Posted on 02/28/2006 7:26:38 AM PST by hiho hiho

Sunday traditionalists long have been divided into two categories.

For some, Sundays are sacred -- reserved for sleeping in, coffee, slippers and the morning paper.

But for many, Sundays are a suit-and-tie affair complete with pews, hymnal and lunch at Grandma's favorite buffet.

Busy lifestyles and time, or the lack thereof, are changing that.

At St. Paul's Episcopal Church in Salem, a 5:30 p.m. Sunday service that began Jan. 15 caters to the Sunday-morning minimalist who wants a little spirituality with her coffee and slippers.

"There are a number of ways to grow a congregation," said the Rev. Bob Burton, the rector at St. Paul's Episcopal Church. "One of the most practical is to offer a worship experience that's not already on the menu."

So the church worship committee decided to offer a new-look Episcopal worship experience, minus a few things.

For those familiar with the Episcopal liturgy (similar in traditional elements to a Catholic Mass), gone are the vestments, gone are the Gabriel Kney tracker action organ and formal atmosphere of Sunday morning.

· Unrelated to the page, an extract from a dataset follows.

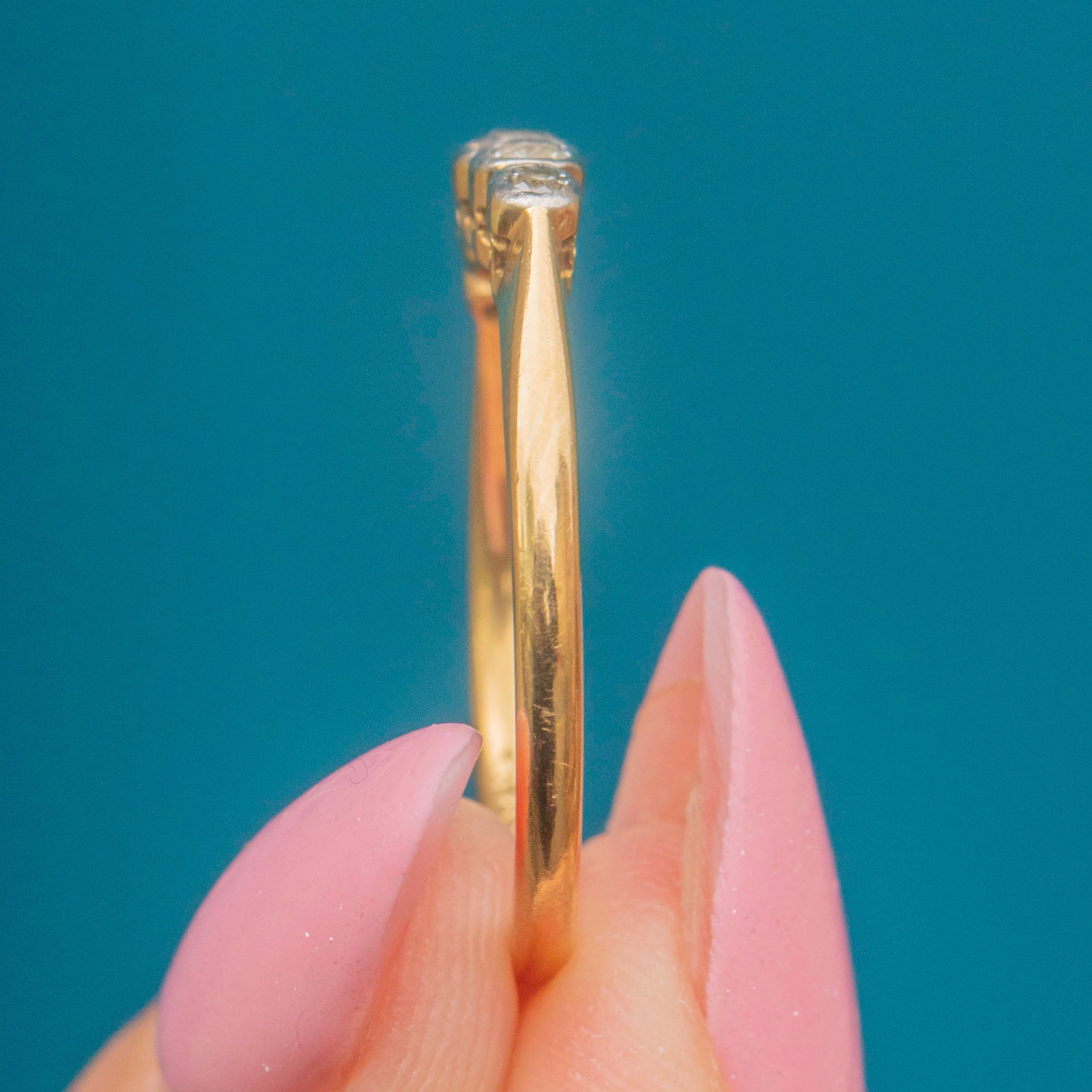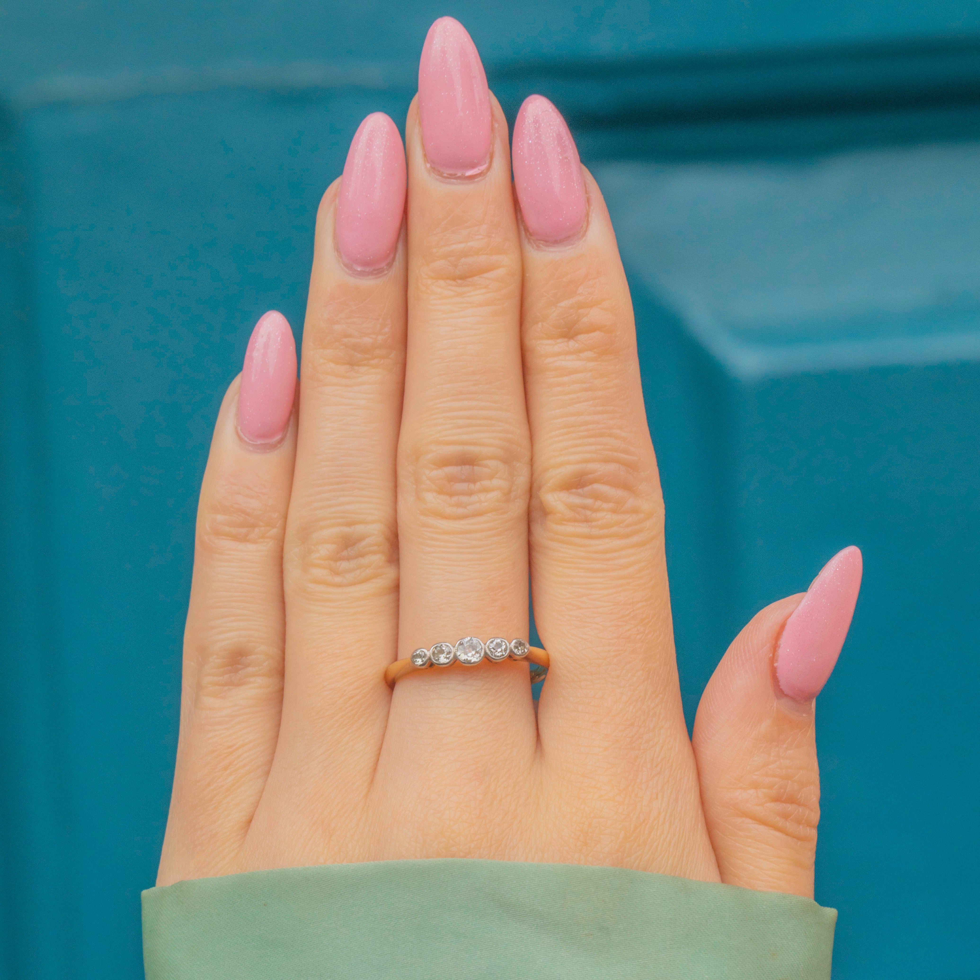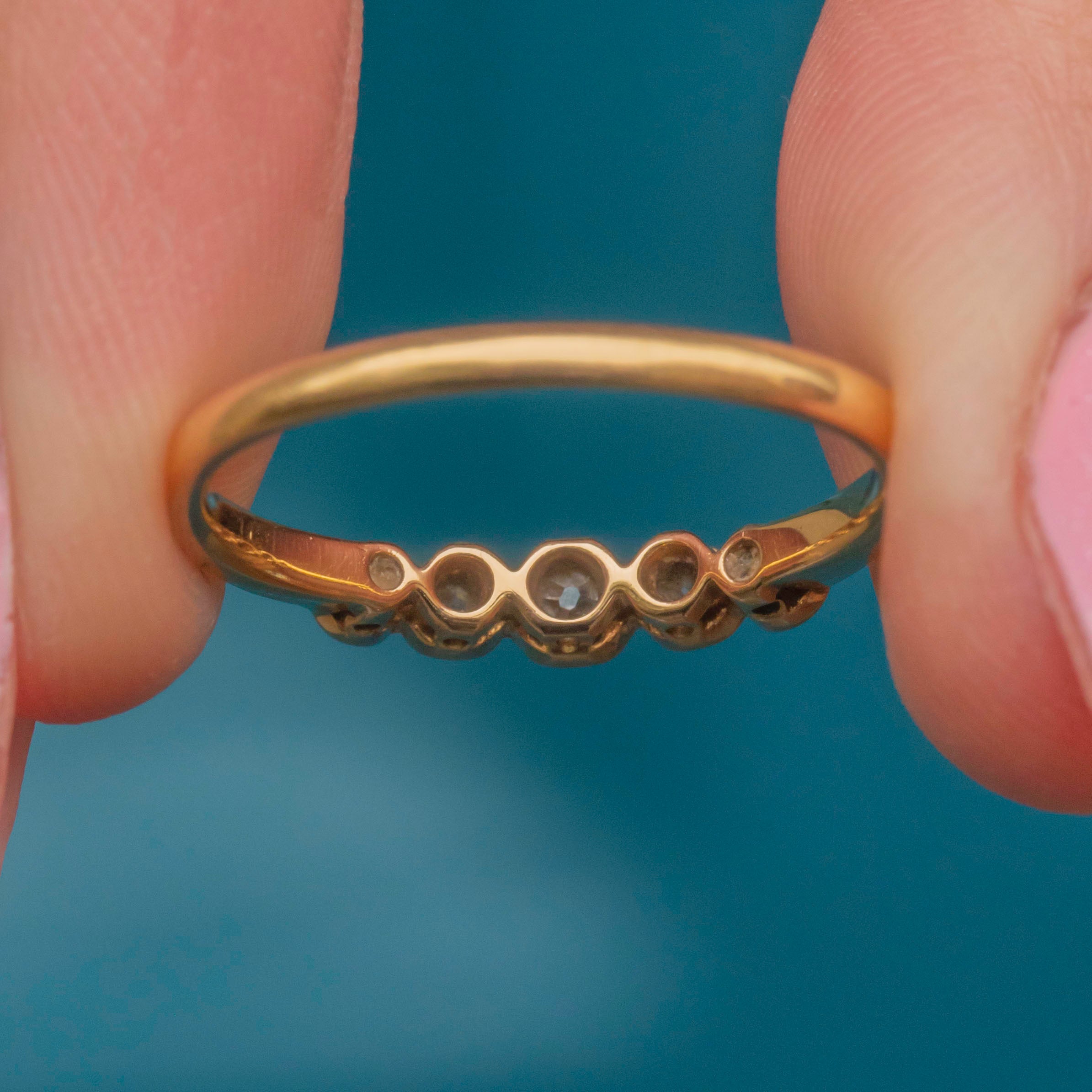 Boasting five scintillating graduating Diamonds, with a distinct shimmer set within glossy Platinum settings, this antique ring dazzles from every angle. Her dainty Diamonds rest on a buttery warm 18ct Gold band, giving this Art Deco ring a classic and sophisticated finish.

Instead, participants meet in the church library, under subdued lighting, where a guitar plays instead of the organ pipes and orchestral brass.

The priest appears in casual clothing and offers what Burton calls an interactive message that includes a question-and-response time with the attendees.

Although the new Sunday-evening service offers participants a slimmer version of the normal Episcopalian worship experience, Burton said he wants everyone to understand that it is not designed to water down what the church believes.

"Flexibility and tolerance are not necessarily watering down the truth," he said.

"It's an organic version of spirituality," said Anne Burton, who is married to Bob Burton.

(Excerpt) Read more at ...

TOPICS: General Discusssion; Mainline Protestant; Ministry/Outreach; Religion & Culture; Worship
KEYWORDS: anglican; dumbdown; ecusa; episcopal
"Flexibility and tolerance are not necessarily watering down the truth,"

I'd say the Episcopal church is a little too flexible and a lot too tolerant!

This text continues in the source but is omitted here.